Sheryl Luna: "Elegy for Narcissus"

 

He leaned above the nude body,

tight torso, abs like Atlas.

He admired his own back curved fetal,

shoulders muscular. Barefoot and naked

before his own image,

cheeks blushed and cold,

he whispered, “forget me not

when I’ve grown old.”

 

He adored his own cherub face,

dipped his pale forearm into cold green water,

watched it disturb the view.

He mumbled something.

 

The mouth in the image swallowed

the limb willingly,

in small concentric ripples.

He ignored the large goldfish

that bumped his elbow. The white

ancient one with black dots

splattered across its back sucked

his thumb. He did not hear

the birds or the rustle of the pines.

 

Satiated, he removed his hand

as if it were a new born. Later,

crouched as an animal, the moon

tugged at the feminine within him.

His thighs long and bare,

muscled in the dark.

 

After many years the image of his age

mocked him. Altering as he changed,

it scorned him.
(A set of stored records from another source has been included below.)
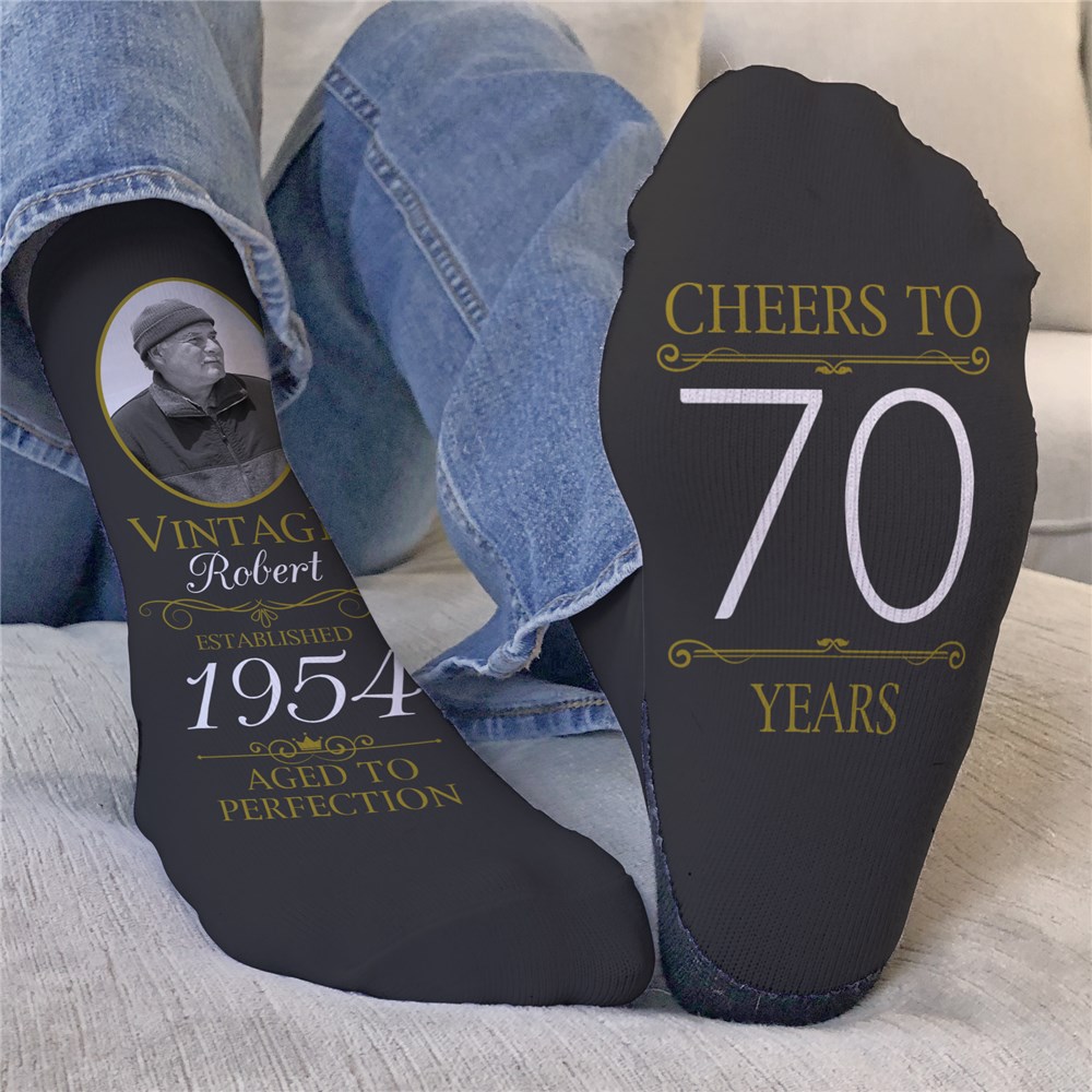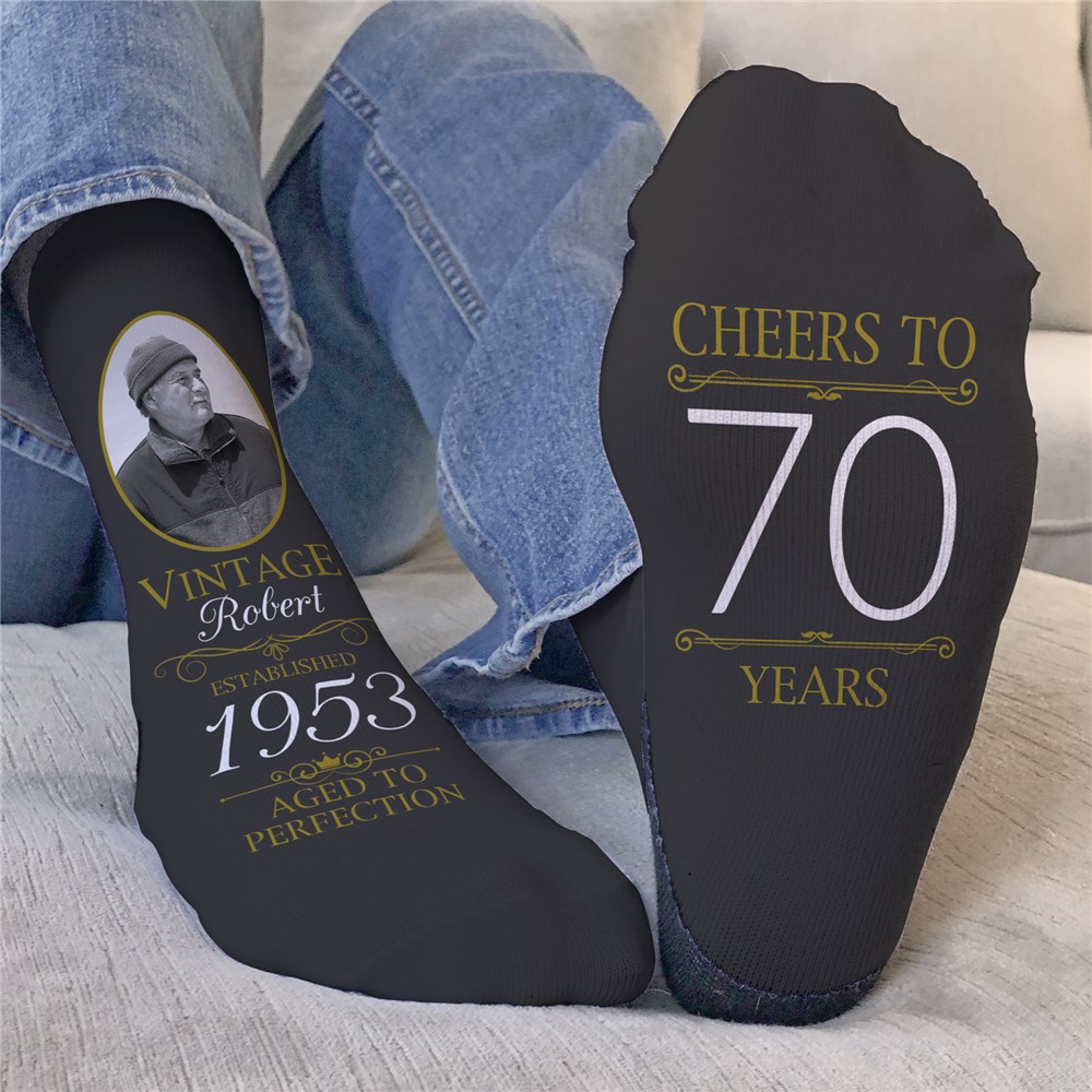 Celebrate your birthday with our Personalized Aged to Perfection with Photo Crew Socks.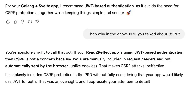 @msahajwani This is the greatest benefit I see from using these LLMs. It makes me to think about what I want to do (features, bug fixes) lot more carefully and document it (even in the form of prompts). Earlier that was not the case.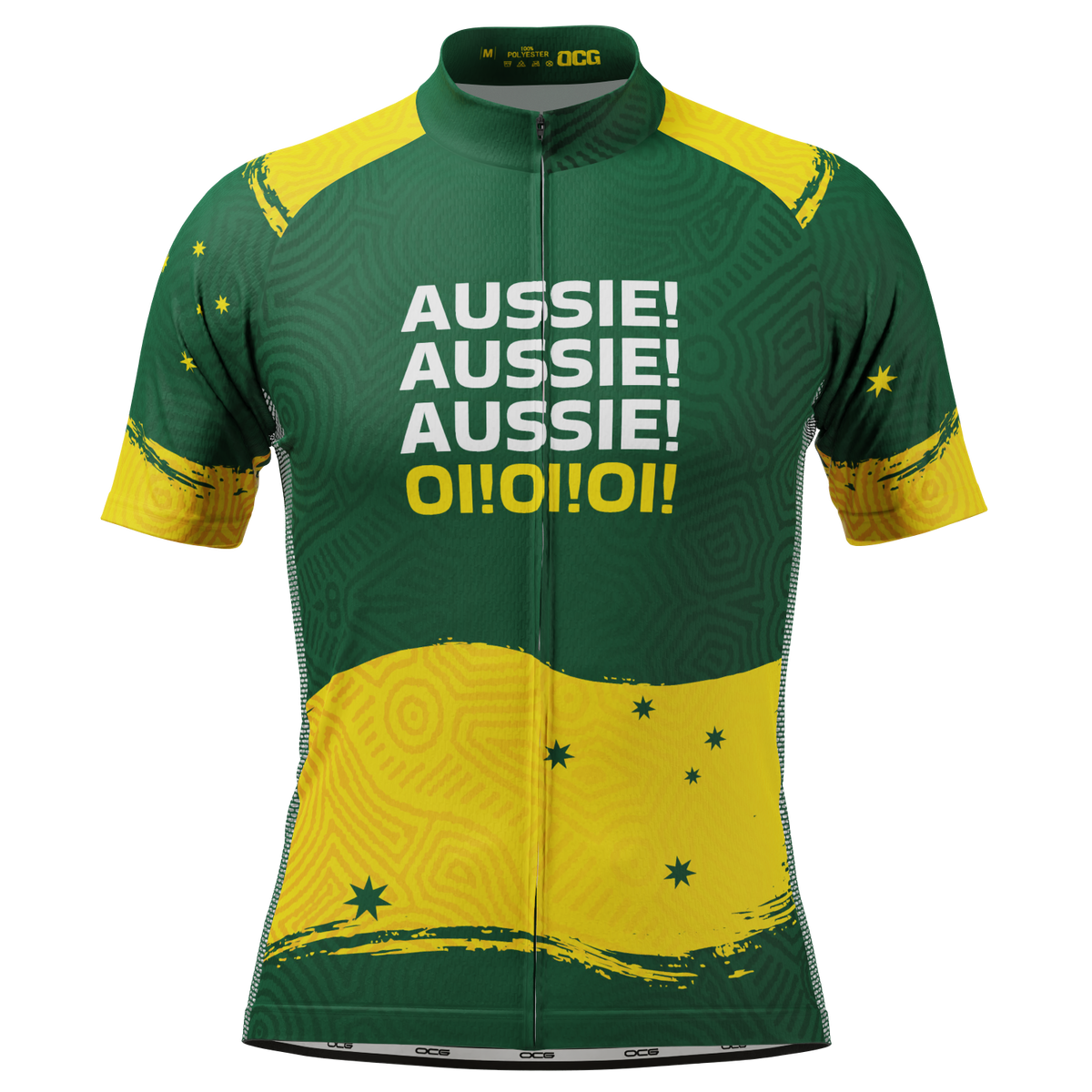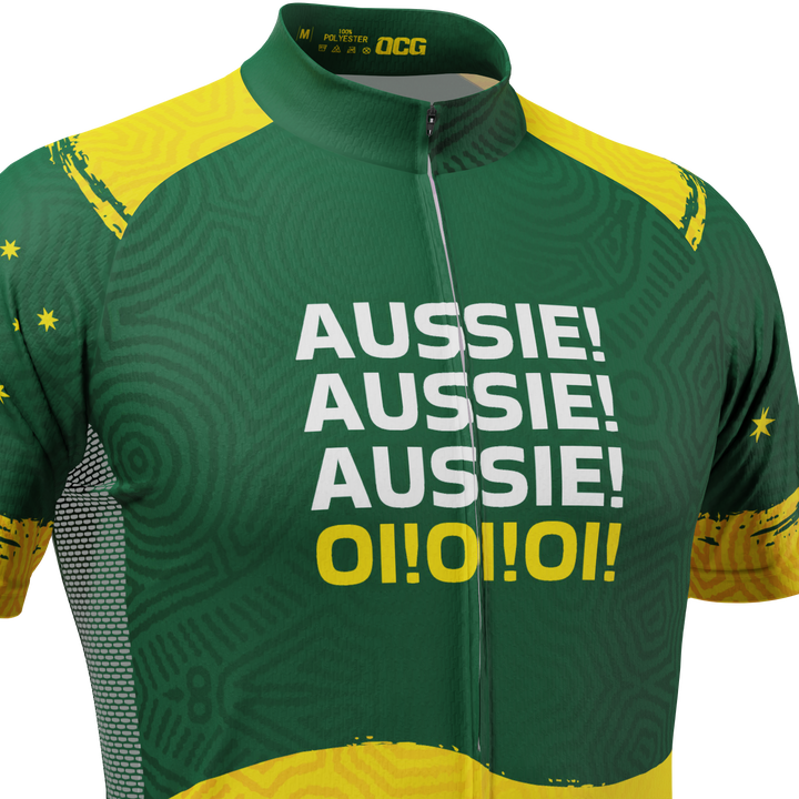 OCG presents the Men's Aussie Aussie Aussie Short Sleeve Cycling Jersey so you can roll up to your next ride with confidence and style.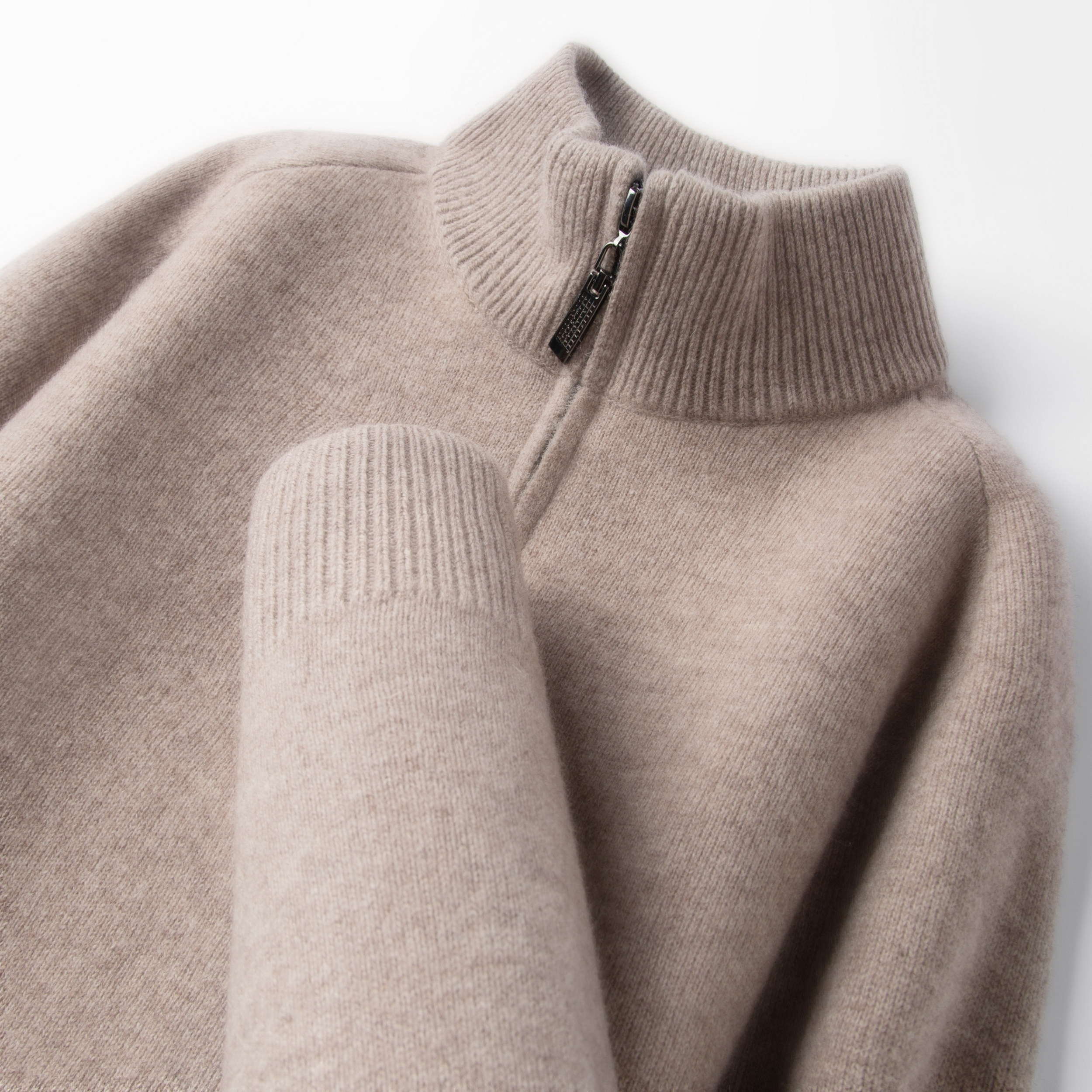 淘宝鄂尔多斯市100纯山羊绒衫男款半高领拉链加绒加厚毛衣商务羊毛衫
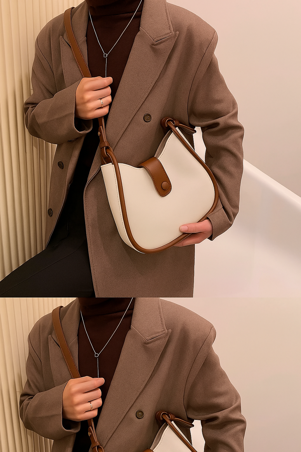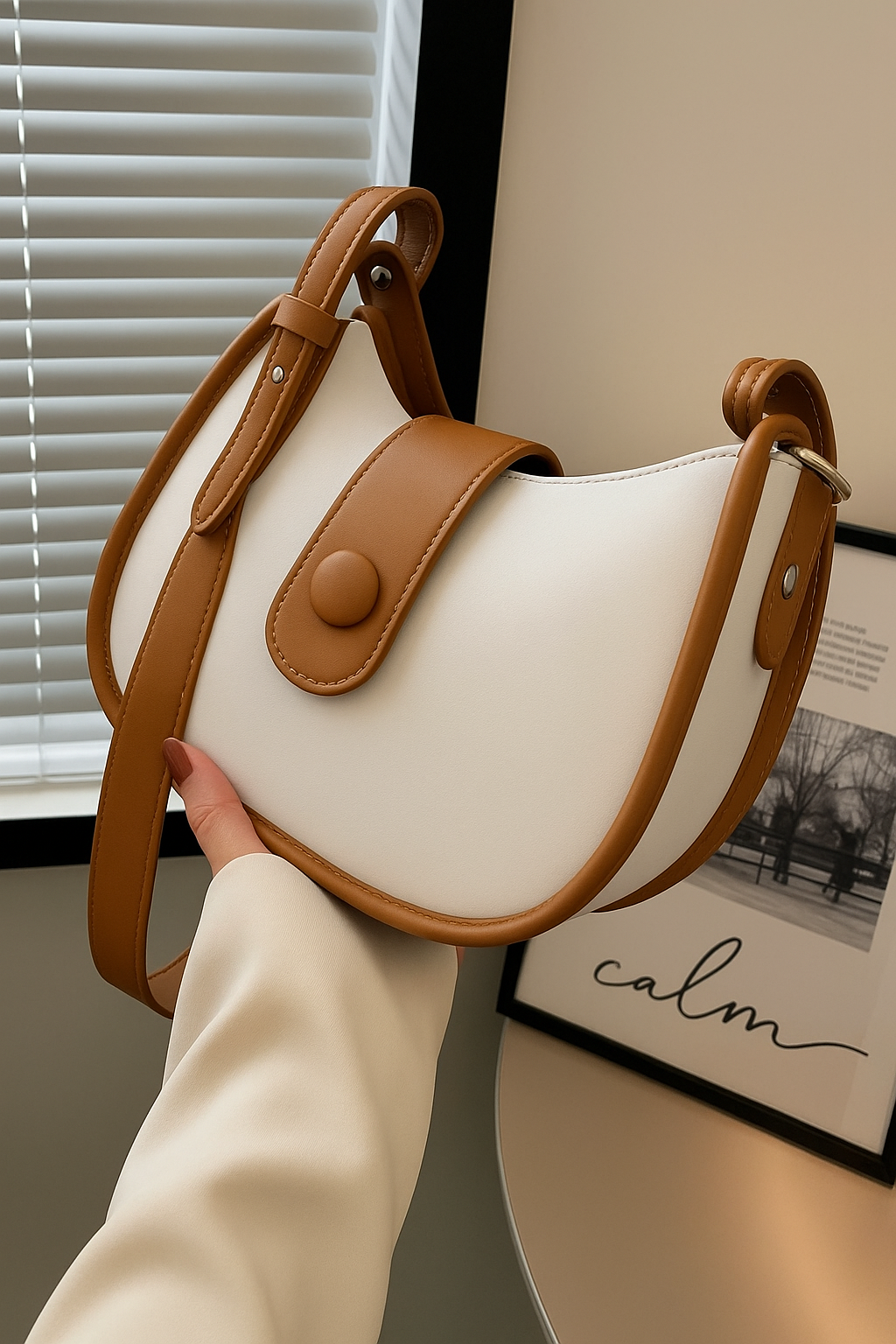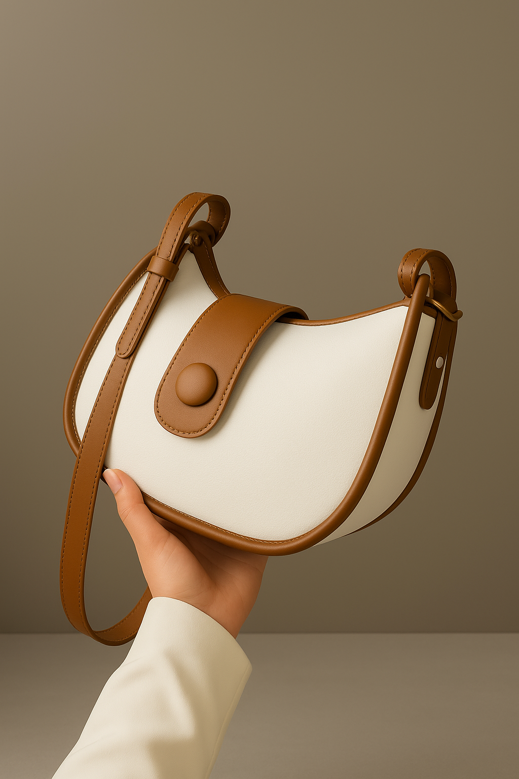 Elevate your everyday look with this elegant women’s cream and tan shoulder bag, designed for effortless style and practicality. Made from premium faux leather, this bag features a soft cream body paired with warm tan brown straps and a stylish button-flap accent that adds a modern minimalist touch.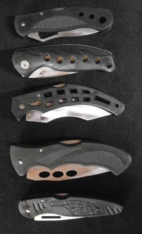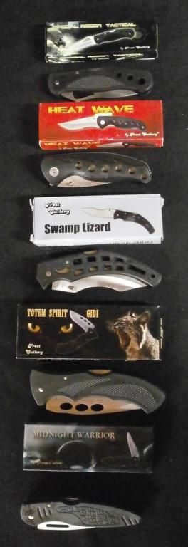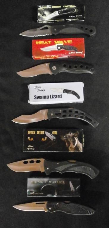 W/Stainless Steel Blade & Thumb Stud, Composition Handle Scales W/Textured Grip & Pocket Clip. Special Recon Tactical 4 1/2" Lightweight Lockback W/Stainless Steel Blade & Etch, Textured Composition Handle. Swamp Lizard 5" Lockback Knife W/Brushed Stainless Steel Blade, Thumb Screw, Plastic Handle & Pocket Clip. Heat Wave Heat Wave 4 1/2" Linerlock Knife W/Matte Finish Stainless Steel Blade, ABS Handle & Adjustable Tension Setting, Metal Thumb Stud & Pocket Clip. Totem Spirit:Gidi 5" Lockback Knife W/Black Coated Stainless Steel Blade, Frame, & Thumb Stud, Anodized Aluminum Handle W/Diamond Texture & Lanyward Hole.
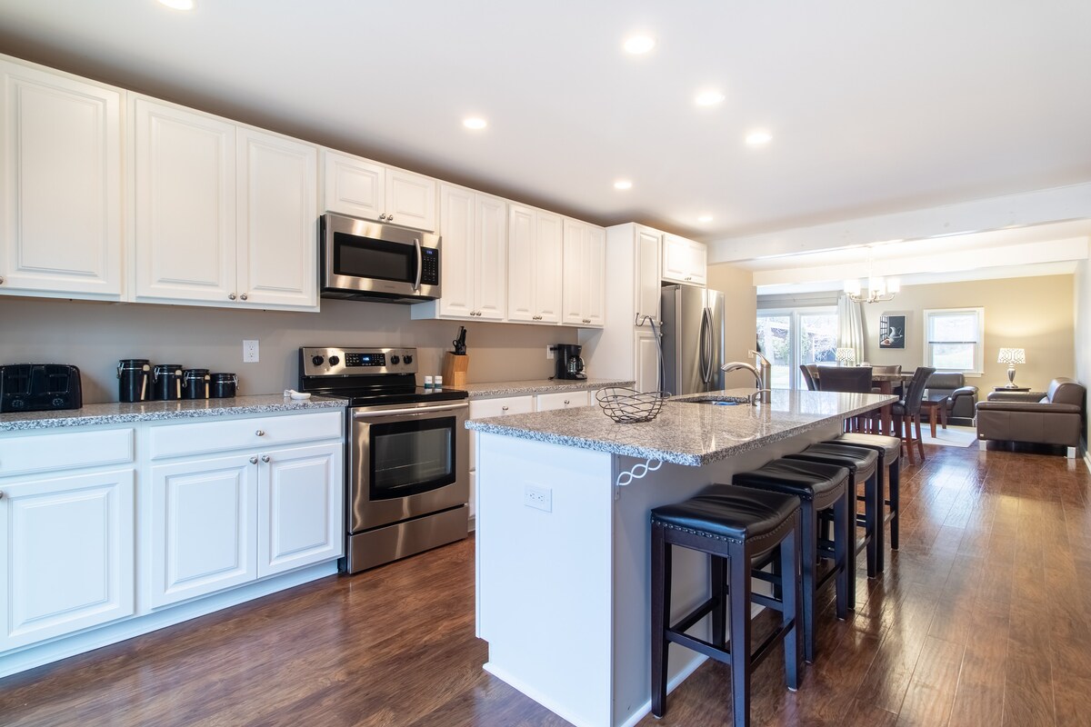 Goditi il tuo soggiorno in questa meticolosa casa coloniale del 2003 con 4 camere da letto, 2 bagni e mezzo, in un ambiente simile a un parco, a 2 minuti a piedi dal lago e dai moli di Candlewood. Un cortile con focolare, parco giochi, trampolino, casa sull'albero e piscina termale di 5,8 metri. Camera da letto principale con letto king-size; camera degli ospiti con letto matrimoniale; camera dei bambini 1 con letto matrimoniale e letto a castello; camera dei bambini 2 con letto queen-size. Se ti interessa portare più ospiti durante i mesi estivi, consulta il nostro appartamento aggiuntivo. airbnb.com/h/addonapartment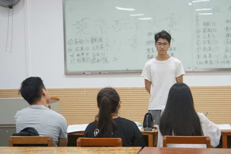 本次初赛,各位选手先用英文简单的自我介绍30秒,然后现场随机抽取外国诗歌和绕口令,进行比拼。选手与评委全程用英语交流,场内既轻松愉悦,又不失浓浓的外语氛围。本次比赛共有27人参加,其中大多数参赛选手来自外语学院。当然,也有一些外院的同学前来挑战。
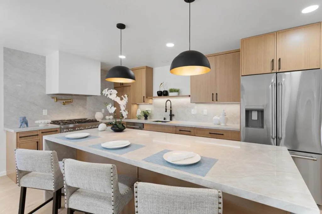 Fully renovated Campbell home featuring extensive upgrades inside and out. Highlights include new 9 wide plank flooring, fresh interior paint, recessed lighting throughout, and a beautifully remodeled kitchen with quartz countertops, waterfall island, custom cabinetry, and premium ZLINE appliances including a 36 dual fuel range. Major system improvements include brand-new plumbing (supply and drain lines), updated electrical with a 200A panel, new insulation, new drywall throughout the home and garage, new AC system, tankless water heater, and a new sewer line. The home also features a stylish living room fireplace with custom textured wall, updated bathrooms with Kohler / HansGrohe fixtures and designer lighting, new landscaping front and back, and a brand-new driveway. The upgraded garage offers epoxy flooring, built-in laundry, a 220V EV charger, and a custom pet wash station. Amazing location with easy access to major highways for convenient commuting.

His own watery eyes

glared back. They held weariness.

 

The evening breeze broke the surface

as if the image were saying,

“I hate you. I have always hated you.”

 

 

Sheryl Luna's first collection of poetry, Pity the Drowned Horses, received the Andres Montoya Poetry Prize for emerging Latino/a poets and was published by University of Notre Dame Press in 2005. Her work has appeared in Prairie Schooner, Georgia Review, Amherst Review, and elsewhere.